Alors éclata une violente querelle. Tous les arguments politiques, nationaux et personnels tombèrent dru comme grêle. Et pourtant, l’opinion des deux époux touchant M. Anielowicz ne différait guère. Tous deux étaient convaincus de sa supériorité ; aussi M. Kamil ne demandait qu’à l’envoyer à la Chambre, et madame Téofila qu’à le garder chez elle.

Tous les fameux projets politiques tombèrent dans l’eau.

M. Kamil ne comptait sur aucune faveur de la part de la petite bourgeoise, tant que son mari resterait au logis. De même, madame Téofila n’attendait aucune déclaration du jeune prêtre, aussi longtemps que Kamil serait dans la chambre voisine, occupé à jouer au mariage avec son ami l’agriculteur.

« Il est très désirable, concluait M. Kamil, après tous les arguments de son épouse, il est très désirable que M. Anielowicz soit nommé député.
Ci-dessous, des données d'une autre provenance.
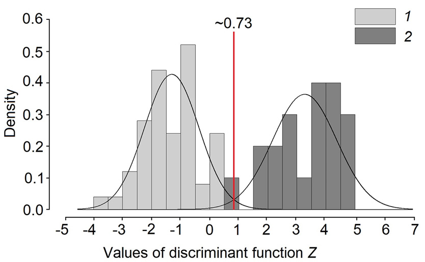 Figure 2. Distribution of the discriminant function Z values for G. teuchis from water bodies in the Baltic (1) and White (2) Sea drainage basins. Deviation from normality is insignificant (Shapiro–Wilk test: W < 0.939, p > 0.225). Red line marks the threshold value (correct prediction probability P ~ 96.4%, see also text).

Et il le sera, ma chère, sois-en sûre. »

Madame Téofila affirmait le contraire. Vainement son mari essaya de lui prouver que les paysans russes ne choisiraient qu’un Russe pour les représenter.

« Ne sommes-nous pas d’origine russe ? objecta-t-elle. De même que nos aïeux sont devenus Polonais sous la domination polonaise, de même nous redevenons russes, maintenant que les Russes forment la majorité en Galicie. Oui, Kamil, et il est important que toi, le premier, tu rapprennes la langue de tes pères. »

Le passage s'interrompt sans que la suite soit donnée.